La explicación vino demasiado tarde para que nos sirviese de algo, y la derrota final de Norden fue escaso consuelo de la pérdida virtual de la guerra. Como ya he explicado, los generadores del Campo producen una distorsión radial del espacio, y las distancias aparecen tanto mayores cuanto más se acerca uno al centro del pseudo-espacio artificial. Cuando se desconecta el Campo, las condiciones vuelven a lo normal.
Pero no del todo. No era nunca posible restablecer exactamente el estado inicial. Conectar y desconectar el Campo era equivalente a una elongación y contracción de la nave que llevaba el generador, pero había un efecto de histéresis, por decirlo así, y no se podía nunca reproducir del todo la condición inicial, debido a todos los miles de cambios eléctricos y de movimientos de masas a bordo de la nave mientras estaba conectado el Campo. Esas asimetrías y distorsiones eran acumulativas, y aunque rara vez representaban más de una fracción de uno por ciento, eso era ya suficiente. Significaba que los equipos telemétricos de precisión y los circuitos sintonizados en los aparatos de comunicación perdían por completo su ajuste. Una nave, por sí sola, nunca podía percibir la perturbación, solamente cuando la comparaba con el equipo de otra nave, o trataba de comunicarse con ella, podía saber lo que había ocurrido.

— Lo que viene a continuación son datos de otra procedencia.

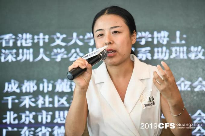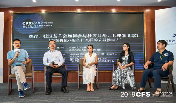 圆桌论坛环节中,广东省千禾社区公益基金会秘书长王书文、成都市麓湖社区发展基金会(筹)副秘书长梁艳、广东省德胜社区慈善基金会理事兼秘书长曾丽、北京市思诚社区公益基金会秘书长王衍臻和广州社会组织研究院特聘研究员赖伟军一起探讨了三个问题。

Es imposible describir el caos que se produjo. No había ni un solo componente de una nave del que se pudiese esperar con seguridad que podría utilizarse a bordo de otra. Incluso los mismos tornillos y las hembrillas no eran ya intercambiables, y la situación de los suministros se hizo imposible. Si hubiésemos tenido tiempo hubiésemos quizá podido superar incluso esas dificultades, pero las naves enemigas nos estaban atacando ya a millares, con armas que ahora parecían siglos más anticuadas que las que habíamos inventado. Nuestra magnífica flota, mutilada por nuestra propia ciencia, luchó lo mejor que pudo hasta que fue arrollada y forzada a rendirse. Las naves equipadas con el Campo eran aún invulnerables, pero como unidades de combate eran casi inútiles. Cada vez que conectaban sus generadores para escapar de un ataque enemigo, aumentaban la distorsión de sus instalaciones. Al cabo de un mes, todo había terminado.
* * *
Ésta es la historia verdadera de nuestra derrota, que doy sin prejuzgar mi defensa ante el Tribunal. La he expuesto, como ya he dicho, para contrarrestar las calumnias que han estado circulando contra los hombres que lucharon a mi mando, y para mostrar dónde se encuentra la verdadera culpa de nuestras desgracias.
Finalmente; mi solicitud, que, tal como el Tribunal habrá podido apreciar, no presento frívolamente, y que, por lo tanto, confío me será concedida.
El Tribunal se habrá dado cuenta que las condiciones en que estamos alojados y la vigilancia a que se nos somete día y noche son muy quebrantadoras. Pero no me quejo de eso; ni me quejo del hecho que la falta de acomodación haya hecho necesario alojarnos por parejas.
Pero no se podrá considerar responsable de mis futuros actos si se me sigue obligando a compartir mi celda con el Profesor Norden, ex Jefe del Personal de Investigación de mis fuerzas armadas.